[Data entries]
=== Begin Enclosure ===
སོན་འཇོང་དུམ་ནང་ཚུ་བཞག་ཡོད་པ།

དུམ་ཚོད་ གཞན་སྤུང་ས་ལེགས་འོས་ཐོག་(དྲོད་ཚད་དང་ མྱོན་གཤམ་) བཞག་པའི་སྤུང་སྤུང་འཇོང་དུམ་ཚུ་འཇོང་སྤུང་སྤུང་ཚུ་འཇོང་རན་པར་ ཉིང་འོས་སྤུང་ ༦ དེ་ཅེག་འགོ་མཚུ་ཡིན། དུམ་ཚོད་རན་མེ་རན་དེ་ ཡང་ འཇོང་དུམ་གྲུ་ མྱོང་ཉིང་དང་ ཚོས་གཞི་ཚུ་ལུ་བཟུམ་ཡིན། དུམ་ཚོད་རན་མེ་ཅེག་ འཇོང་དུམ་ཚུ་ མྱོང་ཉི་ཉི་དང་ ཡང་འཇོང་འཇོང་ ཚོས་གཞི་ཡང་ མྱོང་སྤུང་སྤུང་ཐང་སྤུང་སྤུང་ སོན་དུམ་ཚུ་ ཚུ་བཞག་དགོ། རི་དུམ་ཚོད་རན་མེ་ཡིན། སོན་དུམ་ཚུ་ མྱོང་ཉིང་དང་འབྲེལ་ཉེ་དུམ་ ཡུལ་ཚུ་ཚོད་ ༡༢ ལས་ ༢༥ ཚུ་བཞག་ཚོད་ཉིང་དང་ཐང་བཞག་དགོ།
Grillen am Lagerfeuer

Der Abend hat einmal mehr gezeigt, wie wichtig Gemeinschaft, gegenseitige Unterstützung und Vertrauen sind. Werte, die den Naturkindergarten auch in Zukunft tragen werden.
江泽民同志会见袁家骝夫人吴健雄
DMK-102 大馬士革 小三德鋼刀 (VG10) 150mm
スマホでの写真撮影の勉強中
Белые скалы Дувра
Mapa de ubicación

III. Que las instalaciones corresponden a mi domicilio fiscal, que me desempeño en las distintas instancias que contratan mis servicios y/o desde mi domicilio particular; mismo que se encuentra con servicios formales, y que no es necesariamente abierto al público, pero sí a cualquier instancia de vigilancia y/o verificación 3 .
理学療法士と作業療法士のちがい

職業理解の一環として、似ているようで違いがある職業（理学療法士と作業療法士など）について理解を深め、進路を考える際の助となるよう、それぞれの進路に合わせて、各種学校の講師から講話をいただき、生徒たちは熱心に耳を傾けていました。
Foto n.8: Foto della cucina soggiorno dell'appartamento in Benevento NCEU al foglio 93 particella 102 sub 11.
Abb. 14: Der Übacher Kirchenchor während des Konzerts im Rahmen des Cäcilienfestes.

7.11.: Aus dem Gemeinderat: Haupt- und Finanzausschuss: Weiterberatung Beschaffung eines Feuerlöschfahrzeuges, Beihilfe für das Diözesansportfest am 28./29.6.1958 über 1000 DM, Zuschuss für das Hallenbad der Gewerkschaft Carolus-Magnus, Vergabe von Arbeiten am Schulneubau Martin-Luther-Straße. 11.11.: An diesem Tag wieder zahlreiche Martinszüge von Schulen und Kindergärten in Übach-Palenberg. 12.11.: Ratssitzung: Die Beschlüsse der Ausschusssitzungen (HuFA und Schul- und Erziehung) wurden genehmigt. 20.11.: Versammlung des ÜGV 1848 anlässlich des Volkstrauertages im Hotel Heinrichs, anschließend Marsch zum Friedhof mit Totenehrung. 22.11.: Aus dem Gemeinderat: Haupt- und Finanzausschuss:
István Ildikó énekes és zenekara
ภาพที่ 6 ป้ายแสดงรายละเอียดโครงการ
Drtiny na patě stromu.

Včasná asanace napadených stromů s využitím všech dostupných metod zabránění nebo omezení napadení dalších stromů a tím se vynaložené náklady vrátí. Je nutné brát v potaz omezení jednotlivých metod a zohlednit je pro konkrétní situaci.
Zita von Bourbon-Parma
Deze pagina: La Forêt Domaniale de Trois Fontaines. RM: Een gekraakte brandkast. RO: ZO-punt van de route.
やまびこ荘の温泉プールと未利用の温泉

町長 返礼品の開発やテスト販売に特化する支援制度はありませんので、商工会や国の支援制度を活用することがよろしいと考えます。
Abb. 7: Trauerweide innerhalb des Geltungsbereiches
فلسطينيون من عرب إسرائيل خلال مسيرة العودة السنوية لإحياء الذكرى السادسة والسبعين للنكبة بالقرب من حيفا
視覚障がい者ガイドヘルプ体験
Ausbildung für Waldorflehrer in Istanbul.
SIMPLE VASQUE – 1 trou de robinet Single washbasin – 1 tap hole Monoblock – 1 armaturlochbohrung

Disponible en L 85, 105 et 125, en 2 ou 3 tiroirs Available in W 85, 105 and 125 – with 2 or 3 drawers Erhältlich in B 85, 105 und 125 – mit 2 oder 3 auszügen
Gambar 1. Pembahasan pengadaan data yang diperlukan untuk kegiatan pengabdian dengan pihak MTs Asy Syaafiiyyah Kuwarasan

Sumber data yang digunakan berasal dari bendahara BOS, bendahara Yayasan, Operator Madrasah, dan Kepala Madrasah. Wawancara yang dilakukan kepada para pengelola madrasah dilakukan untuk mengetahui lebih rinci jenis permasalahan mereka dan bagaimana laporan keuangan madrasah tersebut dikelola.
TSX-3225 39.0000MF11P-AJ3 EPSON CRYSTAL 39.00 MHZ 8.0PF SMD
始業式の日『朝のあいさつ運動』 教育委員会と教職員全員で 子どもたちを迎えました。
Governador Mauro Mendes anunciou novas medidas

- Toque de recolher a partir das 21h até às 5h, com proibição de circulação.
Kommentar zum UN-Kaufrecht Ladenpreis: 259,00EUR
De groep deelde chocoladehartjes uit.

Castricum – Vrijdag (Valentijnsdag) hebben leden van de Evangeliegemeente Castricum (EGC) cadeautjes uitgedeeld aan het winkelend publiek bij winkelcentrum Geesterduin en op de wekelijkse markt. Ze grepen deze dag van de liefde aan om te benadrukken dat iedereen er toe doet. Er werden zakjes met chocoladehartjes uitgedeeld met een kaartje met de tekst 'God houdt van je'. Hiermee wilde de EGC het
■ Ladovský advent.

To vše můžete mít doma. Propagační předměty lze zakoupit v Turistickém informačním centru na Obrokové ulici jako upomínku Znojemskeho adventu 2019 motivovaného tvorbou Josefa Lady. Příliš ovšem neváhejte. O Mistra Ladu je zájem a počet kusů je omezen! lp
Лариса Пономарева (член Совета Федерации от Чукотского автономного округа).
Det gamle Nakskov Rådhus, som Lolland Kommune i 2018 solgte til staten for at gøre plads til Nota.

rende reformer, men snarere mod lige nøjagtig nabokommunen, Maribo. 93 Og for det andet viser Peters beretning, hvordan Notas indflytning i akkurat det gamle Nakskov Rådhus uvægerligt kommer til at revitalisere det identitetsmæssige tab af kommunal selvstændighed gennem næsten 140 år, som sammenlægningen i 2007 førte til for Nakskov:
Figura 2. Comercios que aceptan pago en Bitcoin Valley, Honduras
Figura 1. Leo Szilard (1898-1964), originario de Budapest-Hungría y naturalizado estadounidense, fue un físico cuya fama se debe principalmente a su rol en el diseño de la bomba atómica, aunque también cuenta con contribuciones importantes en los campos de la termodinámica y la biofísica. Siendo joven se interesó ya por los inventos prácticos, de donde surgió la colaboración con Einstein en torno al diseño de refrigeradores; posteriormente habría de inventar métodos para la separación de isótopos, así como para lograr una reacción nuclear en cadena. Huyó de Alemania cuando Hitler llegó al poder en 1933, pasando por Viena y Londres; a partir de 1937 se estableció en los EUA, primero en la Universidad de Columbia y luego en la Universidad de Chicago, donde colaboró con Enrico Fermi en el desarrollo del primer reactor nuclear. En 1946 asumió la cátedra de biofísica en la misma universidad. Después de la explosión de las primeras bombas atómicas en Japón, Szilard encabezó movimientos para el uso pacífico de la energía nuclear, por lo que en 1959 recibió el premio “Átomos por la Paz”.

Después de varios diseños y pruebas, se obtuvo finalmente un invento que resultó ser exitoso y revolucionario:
=== End Enclosure ===
** Problem statement **
After locating the line holding "Kommentar zum UN-Kaufrecht" above, output exactly that line and every line after it through the line holding "Figura 2. Comercios". Include nothing else.

** Result of this exercise **
Kommentar zum UN-Kaufrecht Ladenpreis: 259,00EUR
De groep deelde chocoladehartjes uit.

Castricum – Vrijdag (Valentijnsdag) hebben leden van de Evangeliegemeente Castricum (EGC) cadeautjes uitgedeeld aan het winkelend publiek bij winkelcentrum Geesterduin en op de wekelijkse markt. Ze grepen deze dag van de liefde aan om te benadrukken dat iedereen er toe doet. Er werden zakjes met chocoladehartjes uitgedeeld met een kaartje met de tekst 'God houdt van je'. Hiermee wilde de EGC het
■ Ladovský advent.

To vše můžete mít doma. Propagační předměty lze zakoupit v Turistickém informačním centru na Obrokové ulici jako upomínku Znojemskeho adventu 2019 motivovaného tvorbou Josefa Lady. Příliš ovšem neváhejte. O Mistra Ladu je zájem a počet kusů je omezen! lp
Лариса Пономарева (член Совета Федерации от Чукотского автономного округа).
Det gamle Nakskov Rådhus, som Lolland Kommune i 2018 solgte til staten for at gøre plads til Nota.

rende reformer, men snarere mod lige nøjagtig nabokommunen, Maribo. 93 Og for det andet viser Peters beretning, hvordan Notas indflytning i akkurat det gamle Nakskov Rådhus uvægerligt kommer til at revitalisere det identitetsmæssige tab af kommunal selvstændighed gennem næsten 140 år, som sammenlægningen i 2007 førte til for Nakskov:
Figura 2. Comercios que aceptan pago en Bitcoin Valley, Honduras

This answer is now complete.